To assess the relationship between white matter hyperintensities (WMH), diffusion tensor imaging (DTI), and blood-based biomarkers among patients with traumatic brain injury (TBI).

Patients with non-penetrating TBI were enrolled within 24 hours of admission. Participants underwent MRI at two weeks and blood was collected at day one, day three, two weeks, and six months post-injury. Following preprocessing of DTI data, mean fractional anisotropy (FA) and mean diffusivity (MD) were calculated. WMH were counted in juxtacortical, subcortical, and periventricular areas. Blood was processed using Simoa HD-X Neuro4plex assay to obtain concentrations of GFAP, NfL, and UCH-L1.

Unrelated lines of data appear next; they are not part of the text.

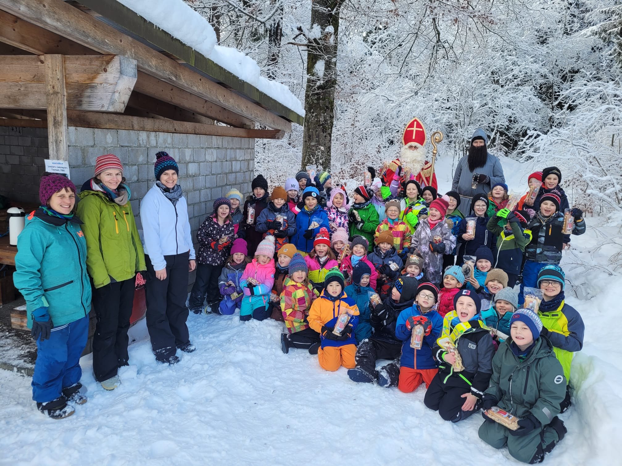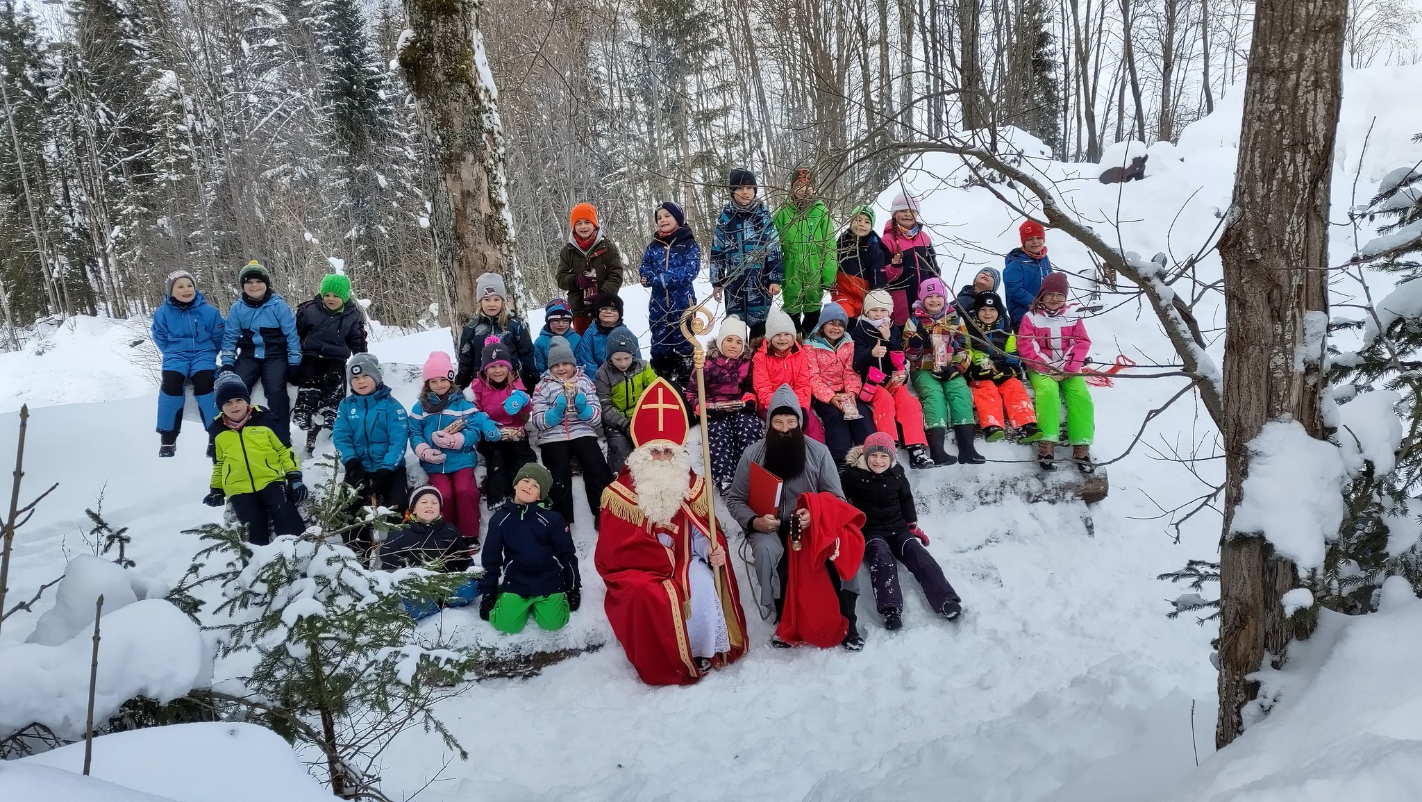 Ebenso überraschte uns der Samichlaus bei unserem Waldbesuch. Die Freude der Kinder war riesengross.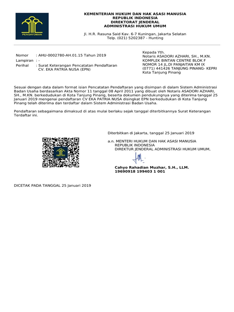 Surat Keterangan Pencatatan Pendaftaran AHU-0002780-AH.01.15 Tahun 2019.pdf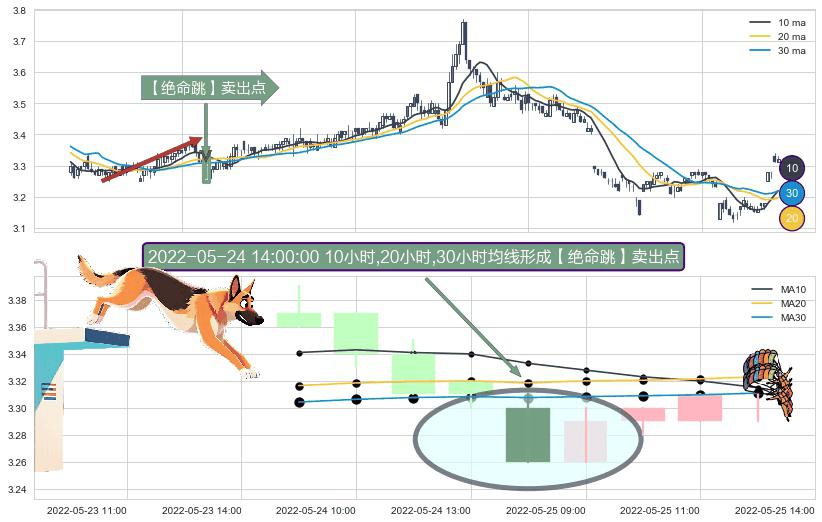 ⚀ 2022-05-24 14:00:00小时显现 10小时-20小时-30小时均线 【绝命跳】卖出点 看空信号,后市看跌,卖出
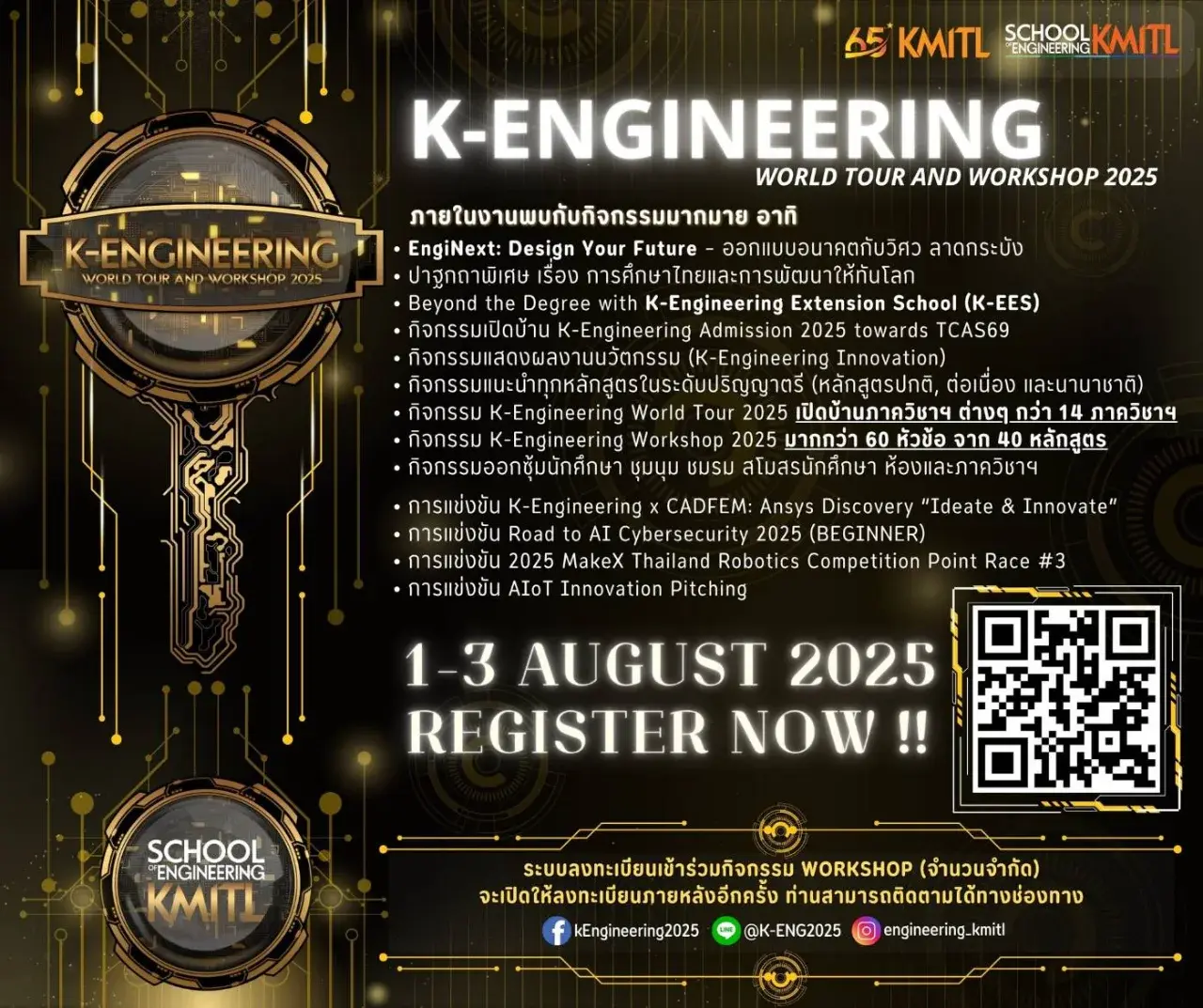 “สจล.” เปิดบ้านจัดใหญ่ K-ENGINEERING WORLD TOUR AND WORKSHOP 2025 ครั้งที่ 7 ด้วยเวิร์กช็อปด้านวิศวกรรมครบทุกมิติ ใหญ่ที่สุดในไทย จุดประกายเยาวชนสู่เส้นทางวิศวกรระดับโลก ในยุคที่เทคโนโลยีก้าวกระโดดและนวัตกรรมเป็นพลังขับเคลื่อนเศรษฐกิจโลก การเตรียมกำลังคนด้านวิศวกรรมจึงมีความสำคัญอย่างยิ่ง โดยเฉพาะในประเทศไทยที่กำลังมุ่งสู่สังคมเทคโนโลยีขั้นสูง ล่าสุด คณะวิศวกรรมศาสตร์ สถาบันเทคโนโลยีพระจอมเกล้าเจ้าคุณทหารลาดกระบัง (สจล.) เตรียมจัดงาน K-ENGINEERING WORLD TOUR AND WORKSHOP 2025 ขึ้นระหว่างวันที่ 1–3 สิงหาคม 2568 ณ วิทยาเขตลาดกระบัง งานนี้นับเป็นการจัดขึ้นเป็นปีที่ 7 และได้รับการยอมรับว่าเป็น “งานเวิร์กช็อปด้านวิศวกรรมที่ใหญ่ที่สุดในประเทศไทย”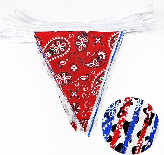 32Ft Western Cowboy Party Decorations Red Paisley Blue Bandana Pennant Banner Fabric Triangle Flag Garland Streamers for Western Cowboy Birthday Yee Haw Country Baby Shower Party Decor Supplies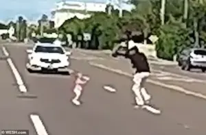 In an interview with WESH 2, Brittingham recounted the moment with a mix of relief and exhaustion. ‘I was terrified, but I didn’t think twice about pulling over,’ he said. ‘If something had happened to them, it would have ruined the rest of my life.’ The dash cam footage shows Brittingham leaping from his vehicle, waving frantically at oncoming cars to slow down.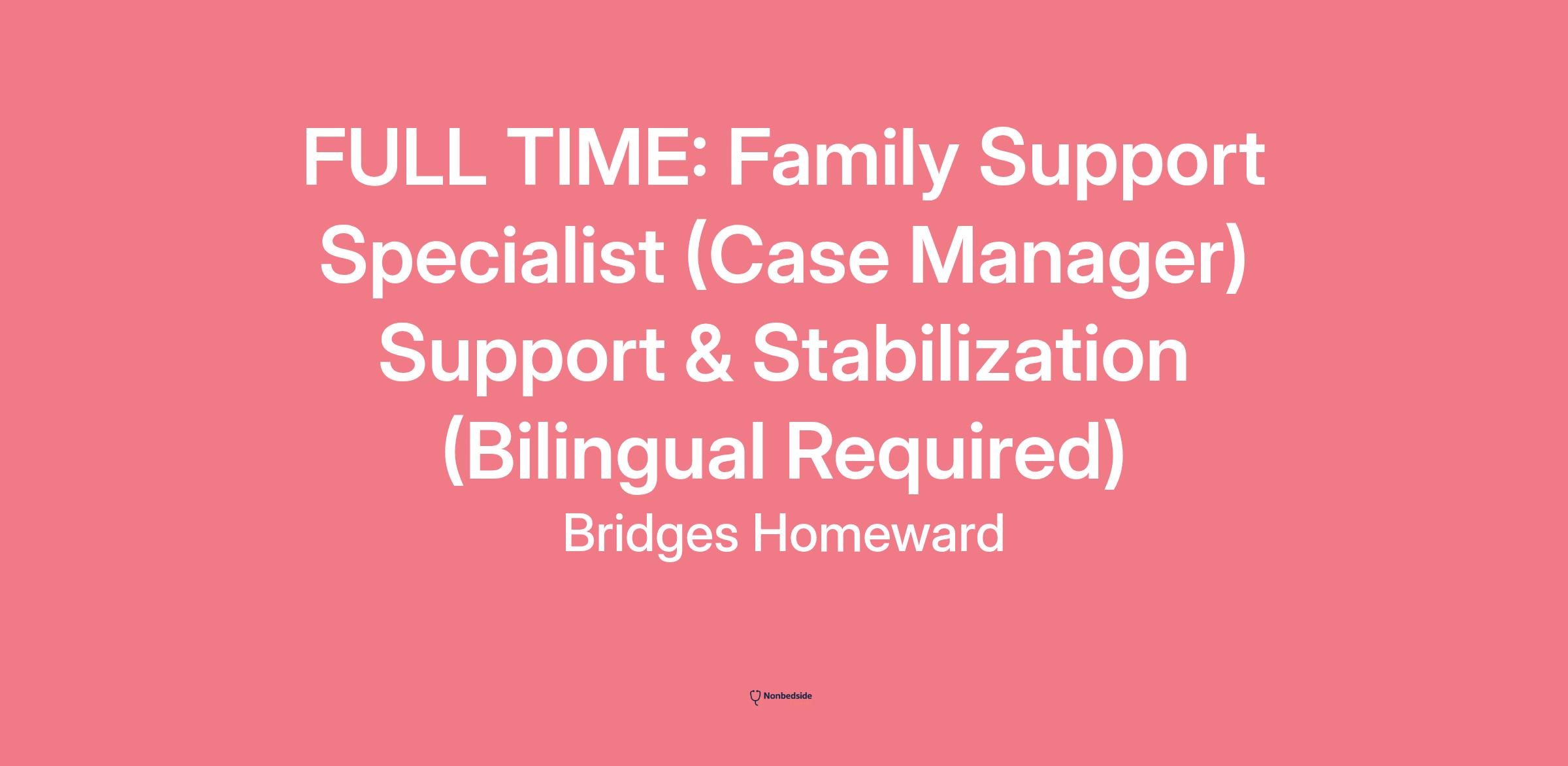Join to apply for the FULL TIME: Family Support Specialist (Case Manager) Support & Stabilization (Bilingual Required) role at Bridges Homeward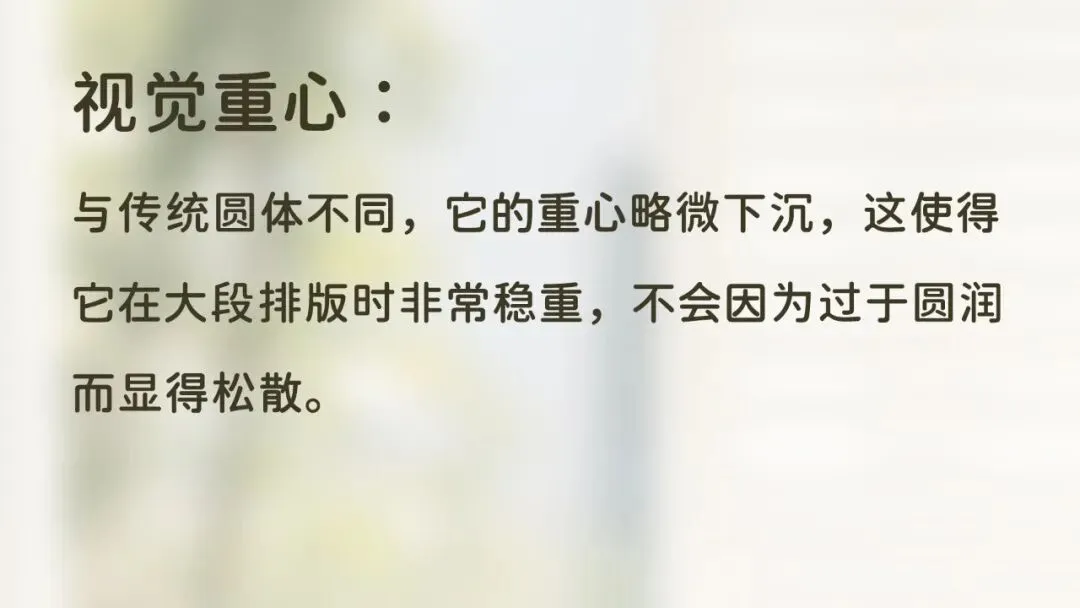 视觉重心: 与传统圆体不同,它的重心略微下沉,这使得它在大段排版时非常稳重,不会因为过于圆润而显得松散。

100 individuals with TBI were included (mean age 38.3 years, 76% male, 52% black; median Glasgow Coma Scale score 15 (IQR:14-15)). Of these individuals, 39% had WMH identified by a neuroradiologist. Those with WMH had significantly lower FA (p=0.007) and higher MD (p=0.04) compared to those without WMH. More specifically, Spearman’s correlations demonstrated significant relationships (p<0.05) between MD and number of WMH in subcortical areas (r=0.28) and between FA and number of WMH in juxtacortical (r=-0.34), subcortical (r=-0.42), and periventricular areas (r=-0.34).  Logistic regression, controlling for age, revealed no significant relationships between WMH presence and any blood-biomarkers of interest. Zero inflated negative binomial regressions, controlling for age, also revealed no significant relationships between number of WMH in juxtacortical regions and GFAP or NfL. There was a significant relationship for Day 1 UCH-L1 where, for every one unit increase, there is 1.36 times more WMH (p=0.023, 95%CI: 1.04, 1.77).

WMH are associated with more severe and widespread white matter damage as measured by DTI. Blood biomarkers may also provide both complementary and distinctive information regarding physiological processes following TBI.